◆ The data ◆
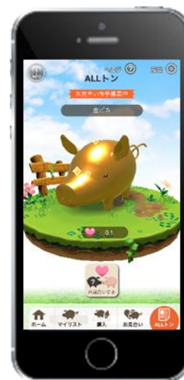
くりふ豚 プレイ画面

「くりふ豚」は、ユーザーが豚のキャラクター「くりふトン」をコレクションし、交配させ新種を誕生させたり、ユーザー間での取引が可能なゲームです。最大の特長は Dapps としてゲームを構築している点で、イーサリアムのブロックチェーンを活用しており、仮想通貨イーサを扱ったブロックチェーンゲームとなります。2018年6月18日の配信開始以来、多くのユーザーにプレイいただいております、これまで累計 10,000 匹以上の「くりふトン」が誕生しております。
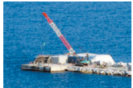
防波堤上部の構築物設置作業状況

◆ Your goal ◆
For the data above, return an exact copy that contains no pictures.

◆ Response ◆
くりふ豚 プレイ画面

「くりふ豚」は、ユーザーが豚のキャラクター「くりふトン」をコレクションし、交配させ新種を誕生させたり、ユーザー間での取引が可能なゲームです。最大の特長は Dapps としてゲームを構築している点で、イーサリアムのブロックチェーンを活用しており、仮想通貨イーサを扱ったブロックチェーンゲームとなります。2018年6月18日の配信開始以来、多くのユーザーにプレイいただいております、これまで累計 10,000 匹以上の「くりふトン」が誕生しております。
防波堤上部の構築物設置作業状況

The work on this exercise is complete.